=== Exercise requirements ===
The whole listing is to be written out again exactly; the pictures are not.

=== Provided data ===
------------------------------------
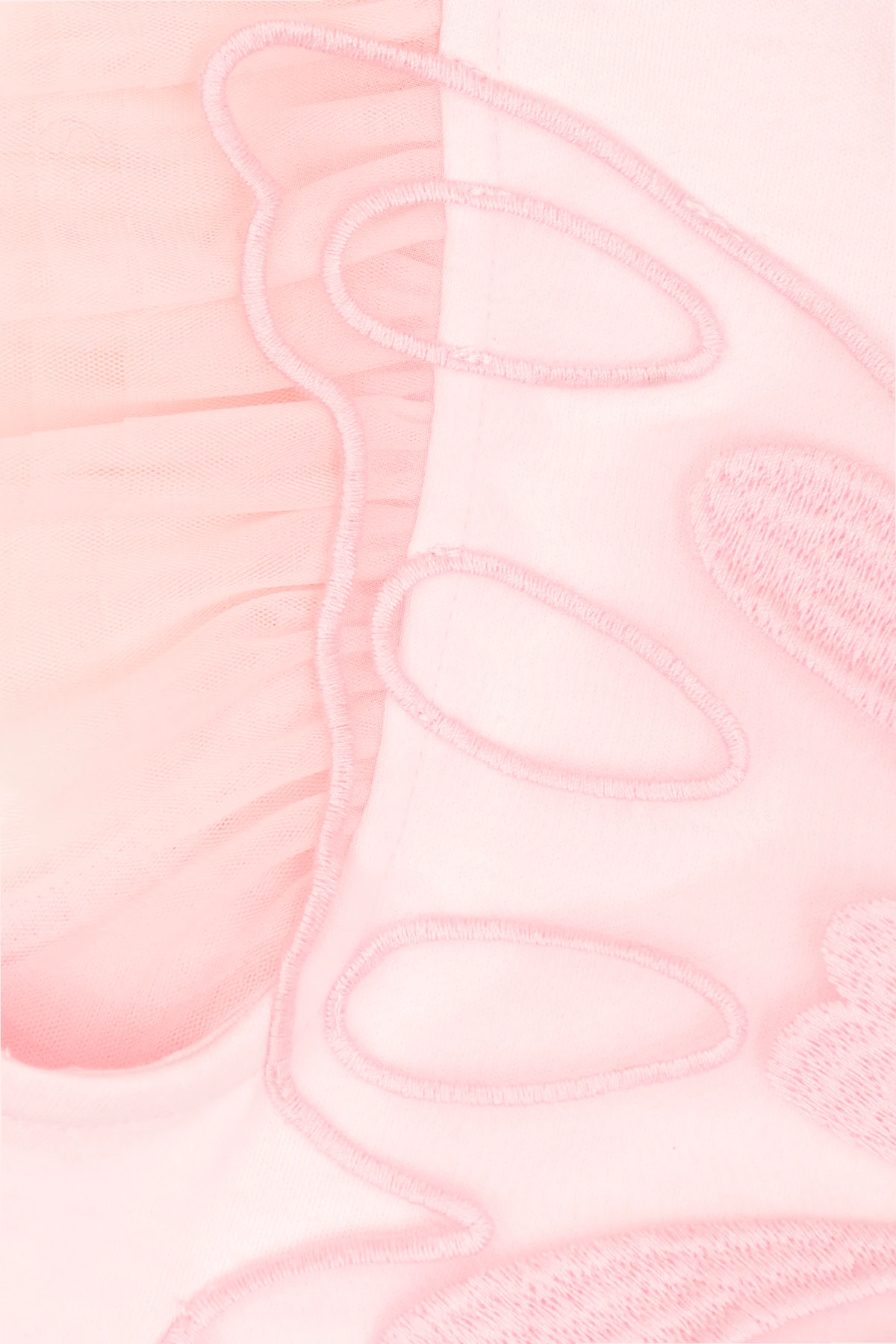 Na przodzie sukienki uwagę przykuwa wyrazisty motyw motyla , misternie wykonany z delikatnego haftu, który dodaje jej niepowtarzalnej elegancji. Wykonana z najwyższej jakości, miękkiej bawełny , zapewnia niebywały komfort noszenia, a rękawy zdobione tiulem wprowadzają subtelną lekkość.
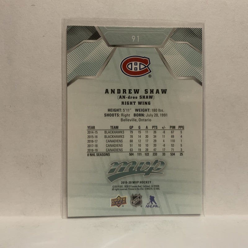 #91 Andrew Shaw Montreal Canadiens 2019-20 Upper Deck MVP Hockey Card LH
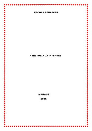 O documento descreve a história da internet, começando com sua criação pela ARPA nos EUA durante a Guerra Fria para fins militares de comunicação. Explica como a internet se tornou acessível ao público geral com a invenção da World Wide Web e como o Brasil começou a ter acesso à internet na década de 1980.
------------------------------------
=== Finished task ===
 Na przodzie sukienki uwagę przykuwa wyrazisty motyw motyla , misternie wykonany z delikatnego haftu, który dodaje jej niepowtarzalnej elegancji. Wykonana z najwyższej jakości, miękkiej bawełny , zapewnia niebywały komfort noszenia, a rękawy zdobione tiulem wprowadzają subtelną lekkość.
 #91 Andrew Shaw Montreal Canadiens 2019-20 Upper Deck MVP Hockey Card LH
 O documento descreve a história da internet, começando com sua criação pela ARPA nos EUA durante a Guerra Fria para fins militares de comunicação. Explica como a internet se tornou acessível ao público geral com a invenção da World Wide Web e como o Brasil começou a ter acesso à internet na década de 1980.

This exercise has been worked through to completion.